1. Breton Sea in Halifax 1992-11-04 looking her best in Secunda Marine colours.
2. With the barge Sydtug 240 departing for Boston with two straddle carriers for the Massport Container Terminal 1992-07-24.
3. All dressed at North Sydney 1988-03-14. This is the distinctive colour scheme she wore in Beaufort Sea.
4. Arriving in Halifax 1989-03-16 after towing the Margit Gorthon in from the Gulf with ice damage. That is Capt. Tétrault on the bridge. The Swedish type full width bridge is common in hte Baltic.
5. A substantial towing winch and a cargo derrick to serve a gear hold allowed the tug to carry supplies and salvage equipment. The winch house provided better visibilty than the bridge.
6. The tug's convincing icebreaker shape is evident in this shot. Her prop, nozzle and rudder have been removed during this refit 1991-02-23, at Dartmouth Marine Slip.
The tug business has become a very capital intensive one, requiring millions of dollars to buy and many more to run a single tug, let alone a small fleet. All sizeable tugs in this part of Canada are now owned by large corporations, able to make those kinds of investments and to spend the dollars required to maintain and upgrade their fleets.
It was therefore very tough for an "owner/operator" to get into the tug business and even tougher to stay in the game. The last of these hardy types was Capt. Don Tétrault, owner of the tug Orion Expeditor.
A mariner of wide experience, he had become established in the Beaufort Sea with Arctic Offshore Ltd, and had purchased the Swedish tug Orion in 1981 to carry out contract work for the oil exploration and supply companies in the western arctic. When exploration ceased, he decided to reposition to North Sydney, NS as a freelance operation, called Sydney Tugs. He set out from Tuktoyaktuk, sailed round Alaska, via Vancouver and the Panama Canal and arrived in Sydney in 1986. His tug, now renamed Orion Expeditor, was towing a smaller tug, named Gordon Gill which broke its tow line and went missing off Alaska October 26, 1986.
Sydney tugs found work from time to time, and eventually landed a contract with Devco to berth coal ships.

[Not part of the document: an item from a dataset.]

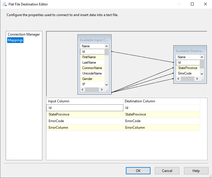 7. Create a connection manager for the destination and configure source component for the destination. In the connection manager, in the tab “Mappings”, specify that you want newly created Field_Masked to be a field replacing the original value. For that, just click on the available input columns, choose the masked value, and map to the “Available Destination Columns”
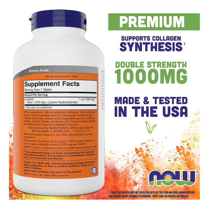 - 💪 Doble Fuerza: 1000 mg de L-Lisina pura por tableta, el doble que otras opciones.

They also acquired a barge, Sydtug 240 to expand their ability to find work.
Regrettably in 1990 a strike at Devco left Sydtug without work, and the bank called the company’s loan.
Secunda Marine Services acquired the tug, which they renamed Breton Sea and the barge and continued the Sydney operation for a time. They moved the tug to Halifax in 1992, and Capt
Tétrault with it, but work was still hard to find. In 1994 the tug was sold back to Sweden, and at last report was still working, now in Kokkola, Finland.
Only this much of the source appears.